John LeFlore John L. LeFlore was born in Mobile, Mobile County, on May 17, 1903. His father, Doc, died when LeFlore was only nine months old, leaving his mother, Clara, to care for John and his siblings. LeFlore went to work at an early age selling newspapers to help support his family. He graduated from Owen Academy, a small, privately run school for African American children, in Mobile in 1920. In 1922, he became one of the few blacks in Mobile to pass the civil service examination at a time when limited access to education and the persistence of white supremacy often made it difficult for blacks in the south to do so. That same year, he married Teah Beck, the granddaughter of a prominent black physician, with whom he would have three children. Teah’s father helped LeFlore obtain a position as a postman, a job he kept until 1965.

LeFlore’s position with the U.S. Postal Service and his marriage into a prominent family did not shelter him from the indignities of life for African Americans in the segregated South. On their honeymoon, for instance, John and Teah were denied the use of a sleeping car on an overnight passenger train. Three years later, an incident on a Mobile streetcar spurred him to fight for change. In 1925, LeFlore was accosted by police after an altercation with a white passenger on a local streetcar. Soon after, LeFlore wrote to the headquarters of the NAACP and inquired about reorganizing the Mobile branch, which had been inactive for several years. With the support of the national office, LeFlore quickly found 50 new members, and the group reorganized later that year with LeFlore as its executive secretary, a position he would hold for the next half-century. His position as a postman put him in daily contact with Mobile’s black community, and he thus had first-hand knowledge of the important issues facing its members.

LeFlore’s efforts soon spread beyond Mobile. The national office sent him to help reorganize faltering branches along the Gulf Coast. In less than a decade, LeFlore became one of the most important activists in the region. In 1936, he helped establish the NAACP’s Regional Conference of Southern Branches and became its first chairman.

The rapid industrialization of Mobile during World War II transformed the city and the local NAACP. Throughout the war years, LeFlore lobbied for more equitable housing and training for black workers. When a race riot broke out at the Alabama Drydock and Shipbuilding Company (ADDSCO) in 1943, LeFlore took depositions of injured black workers and helped negotiate their eventual return to the shipyard.

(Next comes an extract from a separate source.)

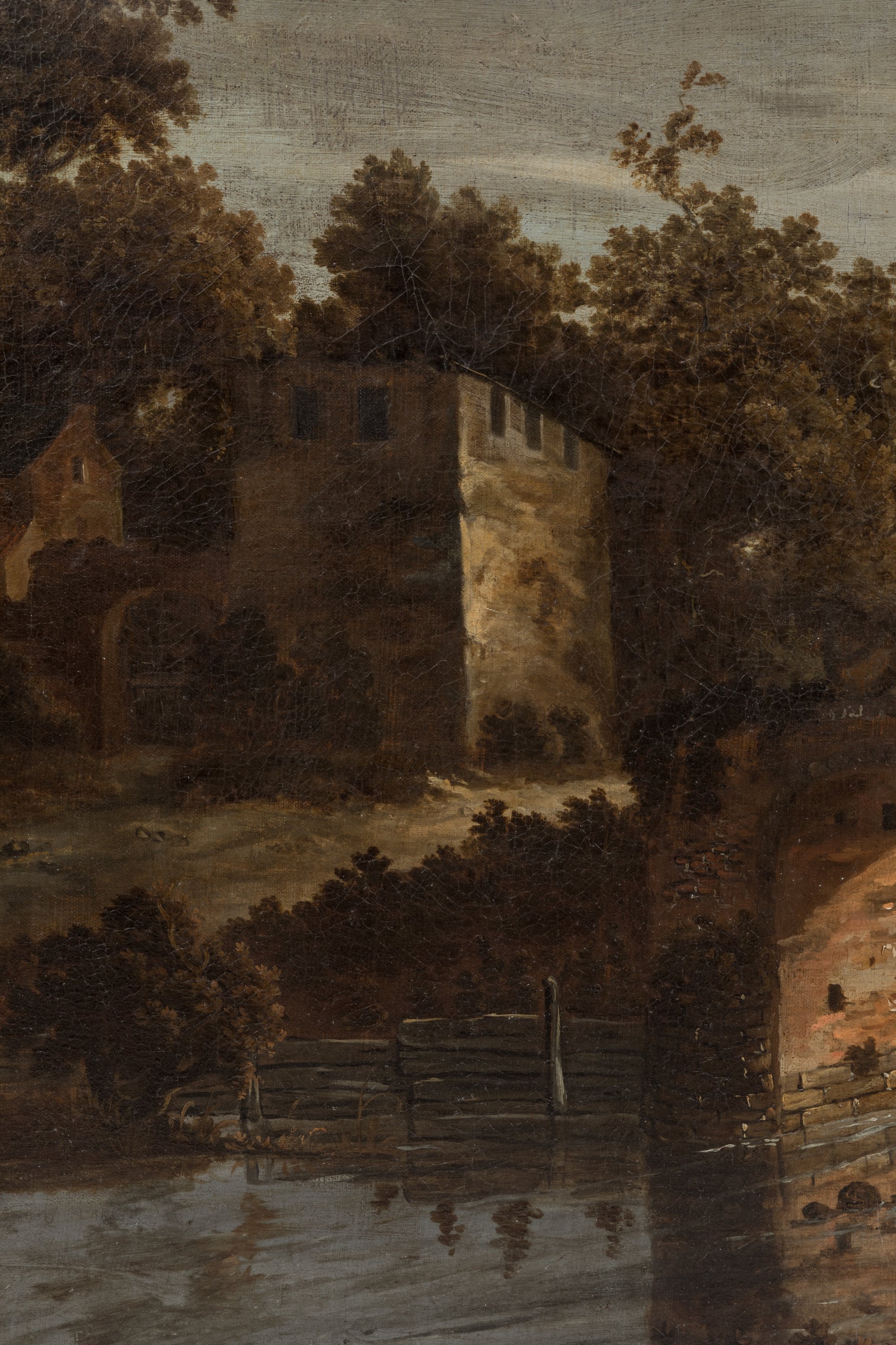 A 17th century painting attributed to Cornelis Gerritz Decker and depicting a bridge crossing.

Voter Registration in Mobile Voting rights remained a top priority for LeFlore. After the U.S. Supreme Court’s 1944 decision in Smith v. Allwright, outlawing the common southern practice of whites-only primary elections, LeFlore selected 12 prominent African Americans to test the ruling in Mobile. The men were turned away from the polls that May in a confrontation captured by a photographer from Life magazine. The magazine published the photographs as part of an exposé on reactions in the South to the Smith decision. In 1946, Alabama voters passed the Boswell Amendment, an attempt to circumvent the Smith decision by implementing an “understanding clause.” Under the new law, anyone who wanted to register to vote had to explain a section of the U.S. Constitution selected by registrars, who often denied the applications of blacks and poor whites by declaring their answers unsatisfactory. LeFlore fought the amendment vigorously and prepared a suit to test its constitutionality. His efforts to bring the suit were overshadowed by the more activist Mobile Voters and Veterans Association, a newly organized group of black World War II veterans who wanted a more direct role for African Americans in post-war politics. The VVA hired two lawyers from a Chicago law firm and filed a suit of their own on behalf of Hunter Davis and other black Mobilians. (The Boswell Amendment was eventually declared unconstitutional in 1949 in Davis et al. v. Schnell et al.)

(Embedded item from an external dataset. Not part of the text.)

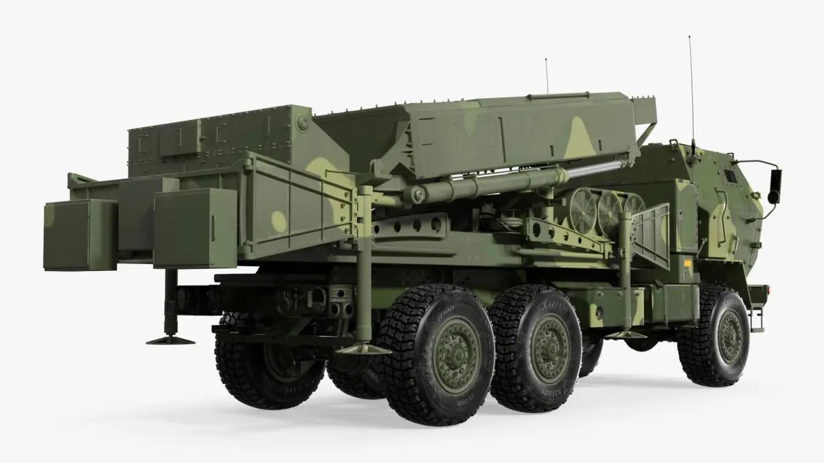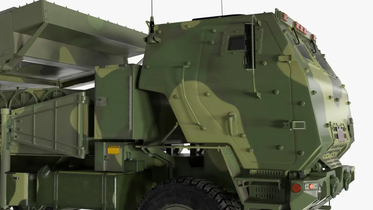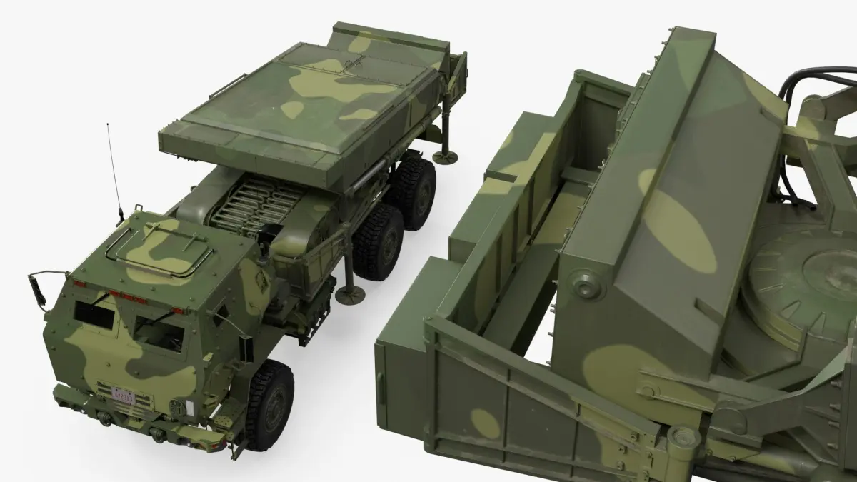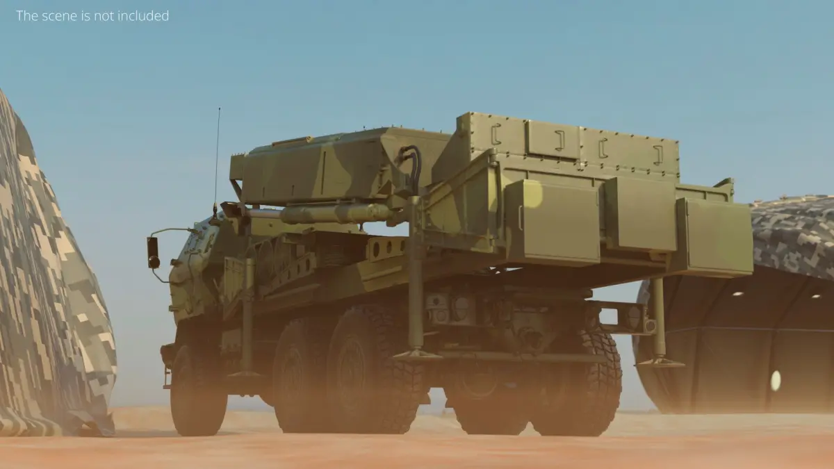 Fire Control Radar Truck Simplified is a 3d model of a mobile rocket launcher system, utilized by military forces for rapid deployment and highly effective precision strikes.

In June 1956, Alabama Attorney General John Patterson secured an injunction against the NAACP for failing to register as an outside corporation. Statewide, the ruling destroyed the NAACP’s effectiveness and in many areas seriously hampered civil rights activity at a crucial period. In Mobile, however, LeFlore and other activists reorganized quickly under the auspices of the Non-Partisan Voters’ League, which had been organized shortly after the 1944 Smith decision. LeFlore was named director of casework, a position that allowed him to set the organization’s legal agenda.

Pink Sheet In 1957, under LeFlore’s direction, the group began publishing candidate endorsement pamphlets known as “pink sheets” for the distinctly colored paper upon which they were printed. The pamphlets listed the names of candidates for various state and local races who were considered supportive of the black community and civil rights. The pamphlet effort was very successful: From 1957 to 1969, candidates endorsed by the Voters’ League consistently carried the city’s black wards. During these years, LeFlore served as a crucial intermediary between black voters and white politicians. Led by LeFlore, the league also brought hundreds of incidents of discrimination to light and lobbied for equality. Working with the NAACP Legal Defense Fund, LeFlore filed a suit to desegregate Mobile’s public schools. The case, Birdie Mae Davis v. Mobile County Board of Education, was not fully adjudicated until 1997, however, making it the longest-running secondary school desegregation case in American history.

Joseph Langan One of the politicians who consistently received the Voters’ League’s endorsement was Joseph N. Langan, who was elected to his first of many terms as a Mobile city commissioner in 1953 Langan had always been a strong supporter of civil rights. As a state senator in 1946 he had opposed the Boswell Amendment and led a filibuster to defeat a new version of the law in 1949. By working with Langan, LeFlore successfully desegregated several downtown businesses and restaurants, the local library, and the city-owned golf course in the early 1960s. At a time when cities like Montgomery, Birmingham, and Selma erupted with racial violence and direct-action protests, Mobile’s path toward desegregation proceeded with moderation, earning LeFlore a considerable amount of respect among black and white leaders.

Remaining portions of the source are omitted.